Uber has lost its appeal at the UK Supreme Court, which ruled that Uber drivers should be classed as workers and not as self-employed.
The ruling could have significant implications on the wider gig economy and its business model, and even on UK employment law. Uber drivers won the right to minimum wage, holiday pay, and protection from discrimination in the ruling.
“The company had appealed to the Supreme Court after losing three previous court cases, arguing that its drivers were independent contractors. Uber has 65,000 active drivers operating in the UK.
The Supreme Court’s seven judges unanimously rejected the ride-hailing app’s appeal, and strongly criticised Uber’s driver contracts and the lack of basic rights afforded to its drivers.
The decision also ruled that drivers’ working time would not be limited to passenger rides, but whenever drivers were logged into the app.

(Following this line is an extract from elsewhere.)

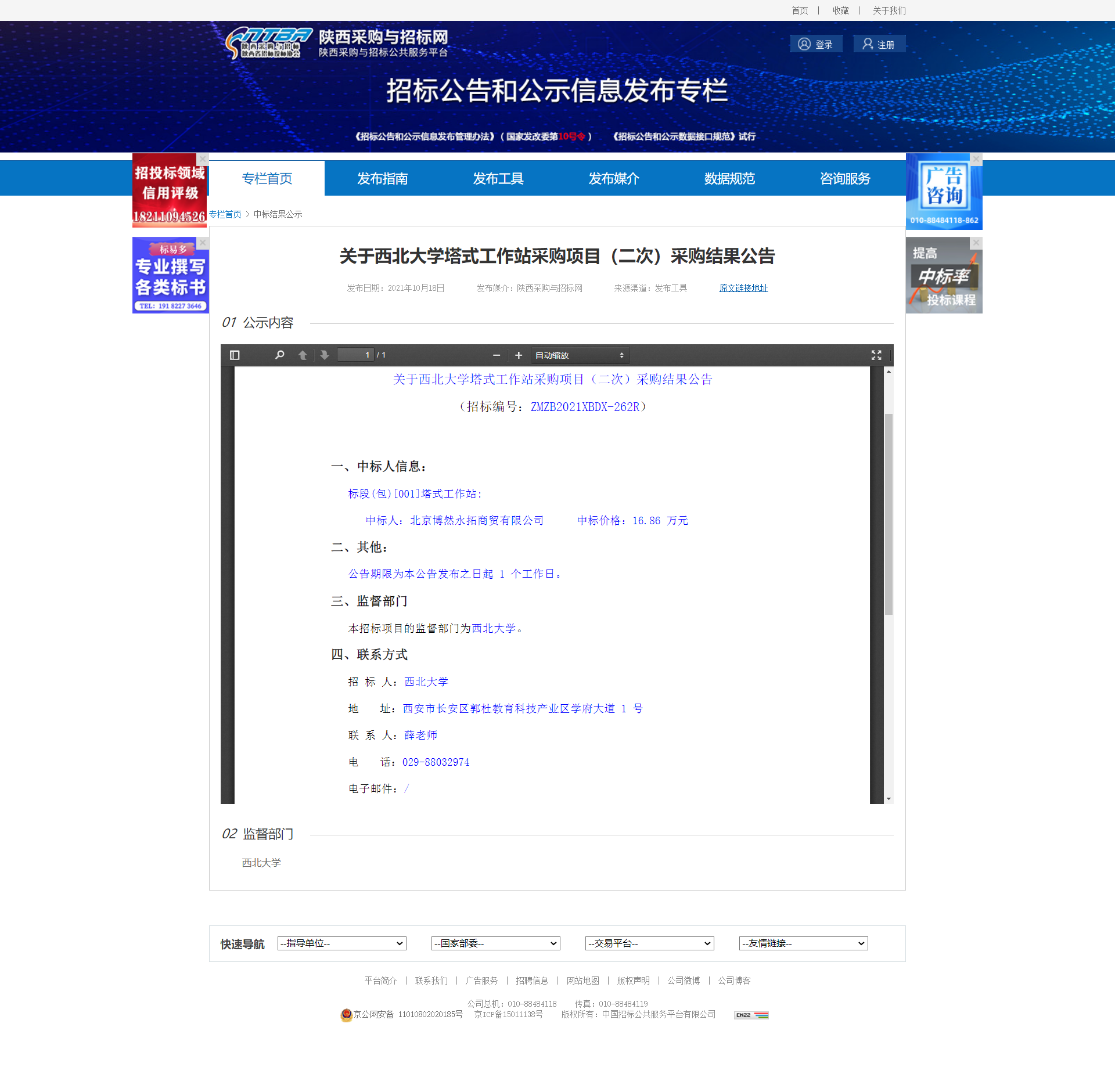关于乐投平台塔式工作站采购项目(二次)采购结果公告 作者: 编辑:采购与招标办公室 时间:2021-10-18 原公告地址:http://bulletin.sntba.com/resultBulletin/2021-10-18/353926.html

Uber was strategically specific in its press comments, saying, “We respect the Court’s decision which focussed on a small number of drivers who used the Uber app in 2016.” Whether the company will apply this ruling to all 65,000 of its workers remains to be seen, but it does indeed set a precedent.
In 2016, Uber drivers James Farrar and Yaseen Aslam won an employment tribunal against the ridesharing company, which ruled that drivers had the right to be classed as workers, not self-employed. Uber says it has made changes following that result, though it has appealed the ruling twice since then.
“Since then we have made some significant changes to our business, guided by drivers every step of the way,” says Jamie Heywood, Uber’s regional general manager for Northern and Eastern Europe, in a statement emailed to Mashable.
[..]These include giving even more control over how they earn and providing new protections like free insurance in case of sickness or injury. We are committed to doing more and will now consult with every active driver across the UK to understand the changes they want to see.”
Aslam, co-lead claimant and App Drivers and Couriers Union president said he was overjoyed and greatly relieved by the decision “which will bring relief to so many workers in the gig economy who so desperately need it.”
“The outcome is a direct contrast to a recent result in the U.S., with the majority of Californians voting in favor of the Uber and Lyft-backed Proposition 22, which continues to classify drivers in the state as independent contractors instead of employees.